Each time it runs, dbt generates a trove of metadata about datasets and the work it performs with them. This tutorial covers the harvesting and effective use of this metadata. For data, the tutorial makes use of the Stackoverflow public data set in BigQuery. The end-product will be two tables of data about trends in Stackoverflow discussions of ELT.

Prerequisites

  • dbt
  • Docker Desktop
  • git
  • Google Cloud Service account
  • Google Cloud Service account JSON key file

Note: your Google Cloud account should have access to BigQuery and read/write access to your GCS bucket. Giving your key file an easy-to-remember name (bq-dbt-demo.json) is recommended. Finally, if using macOS Monterey (macOS 12), you will need to release port 5000 by disabling the AirPlay Receiver.

Instructions

First, run through this excellent dbt tutorial. It explains how to create a BigQuery project, provision a service account, download a JSON key, and set up a local dbt environment. The rest of this example assumes the existence of a BigQuery project where models can be run, as well as proper configuration of dbt to connect to the project.

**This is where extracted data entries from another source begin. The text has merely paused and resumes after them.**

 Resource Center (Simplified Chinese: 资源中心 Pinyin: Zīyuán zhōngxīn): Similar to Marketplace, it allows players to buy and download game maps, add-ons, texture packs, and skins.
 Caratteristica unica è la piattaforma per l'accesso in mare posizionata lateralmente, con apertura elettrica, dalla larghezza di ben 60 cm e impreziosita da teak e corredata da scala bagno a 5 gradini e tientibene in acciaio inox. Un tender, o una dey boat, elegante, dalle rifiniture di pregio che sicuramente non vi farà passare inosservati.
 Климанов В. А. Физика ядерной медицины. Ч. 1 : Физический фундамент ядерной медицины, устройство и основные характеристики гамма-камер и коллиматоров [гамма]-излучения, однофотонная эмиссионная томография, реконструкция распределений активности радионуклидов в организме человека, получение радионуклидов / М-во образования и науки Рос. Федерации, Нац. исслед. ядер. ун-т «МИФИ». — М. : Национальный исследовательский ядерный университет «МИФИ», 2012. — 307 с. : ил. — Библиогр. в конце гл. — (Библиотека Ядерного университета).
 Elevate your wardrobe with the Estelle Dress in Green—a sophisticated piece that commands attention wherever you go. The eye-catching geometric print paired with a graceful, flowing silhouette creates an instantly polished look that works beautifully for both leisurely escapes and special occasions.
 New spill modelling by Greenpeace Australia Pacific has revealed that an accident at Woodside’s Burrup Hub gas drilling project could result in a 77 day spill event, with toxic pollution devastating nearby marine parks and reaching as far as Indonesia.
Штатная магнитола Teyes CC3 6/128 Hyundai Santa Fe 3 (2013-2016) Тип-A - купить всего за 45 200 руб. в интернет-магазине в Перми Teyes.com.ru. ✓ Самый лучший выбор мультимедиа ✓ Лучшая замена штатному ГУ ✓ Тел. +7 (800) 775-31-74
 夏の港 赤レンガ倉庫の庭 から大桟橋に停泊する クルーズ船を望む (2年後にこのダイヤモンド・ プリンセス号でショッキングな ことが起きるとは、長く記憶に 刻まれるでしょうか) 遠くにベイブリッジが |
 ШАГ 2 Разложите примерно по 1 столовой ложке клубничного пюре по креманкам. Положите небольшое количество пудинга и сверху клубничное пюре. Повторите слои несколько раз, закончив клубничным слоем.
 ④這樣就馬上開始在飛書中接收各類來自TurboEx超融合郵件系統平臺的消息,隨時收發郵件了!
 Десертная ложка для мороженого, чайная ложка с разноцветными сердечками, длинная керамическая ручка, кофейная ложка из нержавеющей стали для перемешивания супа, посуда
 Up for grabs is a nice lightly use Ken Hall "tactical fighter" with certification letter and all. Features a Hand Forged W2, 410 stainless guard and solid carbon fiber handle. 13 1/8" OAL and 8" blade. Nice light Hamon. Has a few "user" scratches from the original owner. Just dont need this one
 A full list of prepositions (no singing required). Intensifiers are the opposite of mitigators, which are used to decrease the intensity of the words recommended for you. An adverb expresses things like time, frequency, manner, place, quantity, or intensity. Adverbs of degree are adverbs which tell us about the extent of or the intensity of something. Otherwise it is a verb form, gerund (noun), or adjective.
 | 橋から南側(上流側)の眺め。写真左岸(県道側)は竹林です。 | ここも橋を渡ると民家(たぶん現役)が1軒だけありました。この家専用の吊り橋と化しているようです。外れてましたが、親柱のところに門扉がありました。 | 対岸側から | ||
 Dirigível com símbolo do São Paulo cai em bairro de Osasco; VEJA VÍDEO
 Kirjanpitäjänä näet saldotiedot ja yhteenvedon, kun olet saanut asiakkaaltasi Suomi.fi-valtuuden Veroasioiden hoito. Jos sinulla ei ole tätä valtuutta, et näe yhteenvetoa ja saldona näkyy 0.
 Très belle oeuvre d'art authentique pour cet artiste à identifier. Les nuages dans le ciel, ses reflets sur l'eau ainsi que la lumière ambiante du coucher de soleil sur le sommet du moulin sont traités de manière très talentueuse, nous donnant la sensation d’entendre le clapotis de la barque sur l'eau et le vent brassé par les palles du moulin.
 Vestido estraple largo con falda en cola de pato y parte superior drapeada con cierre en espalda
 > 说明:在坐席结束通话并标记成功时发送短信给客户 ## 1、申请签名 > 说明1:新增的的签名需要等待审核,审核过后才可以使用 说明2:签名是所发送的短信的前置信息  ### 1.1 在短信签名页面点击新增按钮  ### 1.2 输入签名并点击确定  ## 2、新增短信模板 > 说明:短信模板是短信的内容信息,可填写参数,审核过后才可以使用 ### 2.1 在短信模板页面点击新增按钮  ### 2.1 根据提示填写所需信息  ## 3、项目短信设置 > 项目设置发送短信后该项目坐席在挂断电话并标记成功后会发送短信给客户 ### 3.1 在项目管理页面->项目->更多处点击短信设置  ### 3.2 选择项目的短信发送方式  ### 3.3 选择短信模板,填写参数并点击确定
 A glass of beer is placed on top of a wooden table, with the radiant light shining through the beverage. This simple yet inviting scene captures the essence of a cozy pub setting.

Next, start a local Marquez instance to store lineage metadata. Make sure Docker is running, and then clone the Marquez repository:

git clone https://github.com/MarquezProject/marquez.git && cd marquez
./docker/up.sh

Check to make sure Marquez is up by visiting http://localhost:3000. The page should display an empty Marquez instance and a message saying there is no data. Also, it should be possible to see the server output from requests in the terminal window where Marquez is running. This window should remain open.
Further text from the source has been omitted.